La Corte territoriale, nel riassumere i termini della vicenda processuale, ha premesso in punto di fatto che il COGNOME, magistrato ordinario collocato fuori ruolo, era stato nominato Direttore Generale di RAGIONE_SOCIALE per la durata di anni due, con decorrenza dal 18 novembre 2008, e con delibera del 12 maggio 2010 l’Istituto aveva disposto la proroga dell’incarico per ulteriori due anni.

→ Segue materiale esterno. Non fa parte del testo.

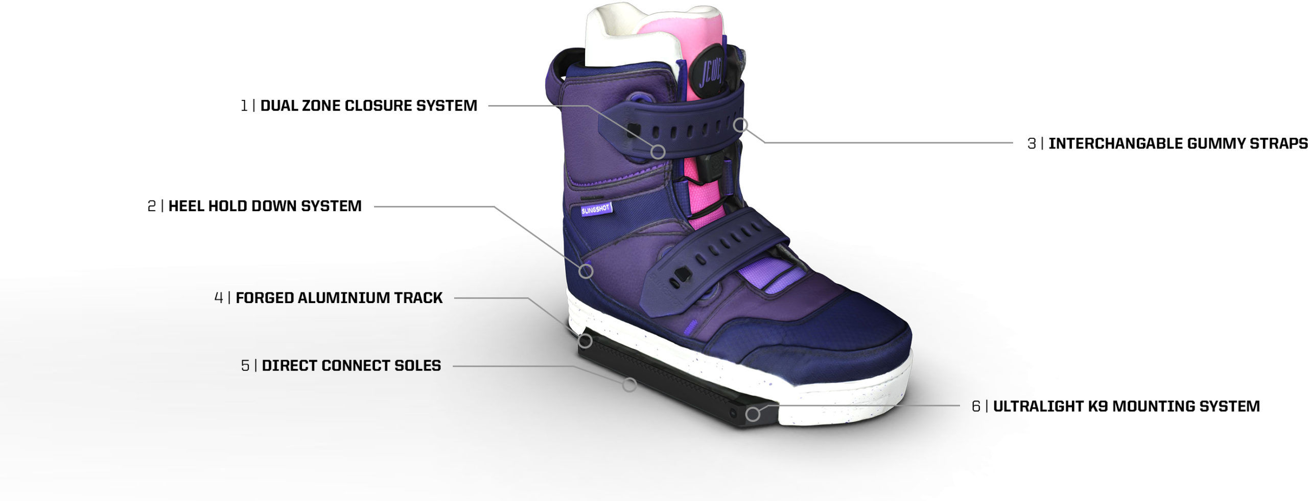 In die neuen Jewel-Boots hineinzuschlüpfen, fühlt sich in etwa an, wie jeden Tag ein brandneues Paar Kuschelsocken zu tragen. Mit dem Unterschied, dass du mit den Jewel deutlich höher springen kannst. Durch die Kombination aus Schnürung und Gummy-Straps stellen diese Boots eine vollendete Komposition aus Komfort, Performance und Funktionalität dar, die wie im Sturm Herzen von Wakeboarderinnen rund um den Globus erobert hat. Dieser Erfolgskurs wird jetzt konsequent fortgesetzt, denn ab der Saison 2021 ist der Jewel-Boot zusätzlich mit dem Lower-Zone-Gummy-Strap ausgestattet, der die im Spannbereich bereits vorhandene Schnürung perfekt ergänzt. Eine bessere Passform hat es noch nicht gegeben!
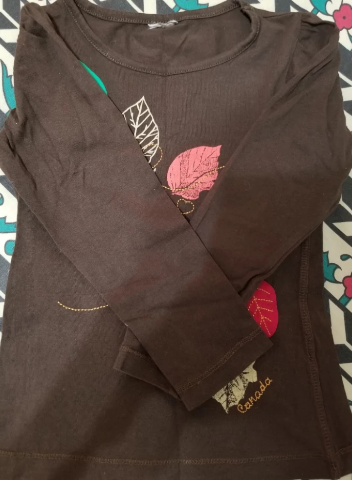 This brown long-sleeved shirt features a colourful leaf design with embroidered details. It's made of soft fabric for comfort. A cute addition to any child's wardrobe!
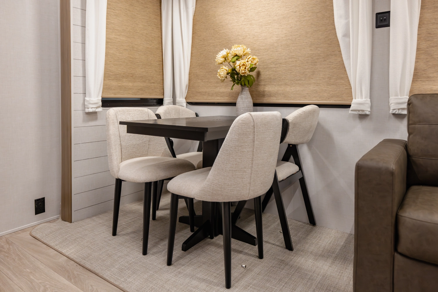 The 42QBQ is the ultimate bunkhouse, with four slides and an outdoor kitchen. The large front queen bedroom includes plenty of closet and cabinet space, while the adjacent bathroom gives you a walk-in radius shower. The living area features panoramic windows, fireplace (heater), and a tri-fold sofa. The bunk room provides 3 bunks plus the Versa-Queen giving the option of having another bunk, sofa, or queen bed. Do not forget the half bath with convenient door to the outside.

Con l’art. 7, comma 3 bis, del d.l. 31 maggio 2010 n. 78, il legislatore aveva disposto la soppressione dell’Istituto ed il trasferimento delle funzioni e delle risorse umane e finanziarie all’ INPDAP, sicché, inizialmente, al Di Maio era stato richiesto di
occuparsi della chiusura del bilancio e della gestione ordinaria. Peraltro, secondo l’assunto del ricorrente, queste competenze gli erano state subito dopo sottratte, perché l’ INPDAP aveva assunto tutti i poteri direttivi e gestori inerenti all’ente disciolto ed inoltre, con nota del 1° ottobre 2010, gli aveva comunicato che l’incarico sarebbe cessato il successivo 18 ottobre, essendo venuto meno l’interesse dell’ente alla prosecuzion e dello stesso. 3. Il giudice d’appello, respinta l’eccezione di inammissibilità dell’impugnazione, l’ha ritenuta fondata e in premessa ha evidenziato che il contratto individuale, in conformità alla disciplina dettata dall’art. 19 del d.lgs. n. 165/2001, consentiva il rinnovo alla scadenza, non il mero differimento del termine finale che caratterizza la proroga. Ha aggiunto che al provvedimento di conferimento dell’incarico accede un contratto individuale, nel quale devono essere specificati l’oggetto, la durata, gli obiettivi prefissati, e, pertanto, nella fattispecie occorreva che alla delibera adottata dalla Giunta Esecutiva di RAGIONE_SOCIALE facesse seguito la proroga del contratto individuale accessorio, mai stipulata a causa della sopravvenuta soppressione dell’ente. Ha richiamato giurisprudenza di questa Corte per evidenziare che all’atto di conferimento, unilaterale ed espressione di poteri propri del datore di lavoro privato, deve fare seguito la stipulazione del contratto e, pertanto, finché questa non avvenga il conferimento può essere modificato o ritirato. In tal caso il diritto al risarcimento del danno può sorgere solo qualora venga leso l’interesse legittimo dell’aspirante alla corretta attribuzione dell’incarico ed emerga una responsabilità dell’amministrazione, non r avvisabile nella fattispecie in quanto l’intervenuta soppressione dell’ente, costituente factum principis , aveva impedito che alla proroga si potesse dare corso. Ha aggiunto che l’incarico di Direttore
Generale era proseguito sino alla scadenza perché, come statuito dall’art. 3 del d.i. del 2 ottobre 2013, l’ INPS era subentrato, nonostante l’estinzione dell’ente, nel contratto che, altrimenti, poteva essere risolto ex art. 1463 cod. civ. per impossibilità sopravvenuta della prestazione, evidentemente connessa alla struttura organizzativa dell’ente preesistente.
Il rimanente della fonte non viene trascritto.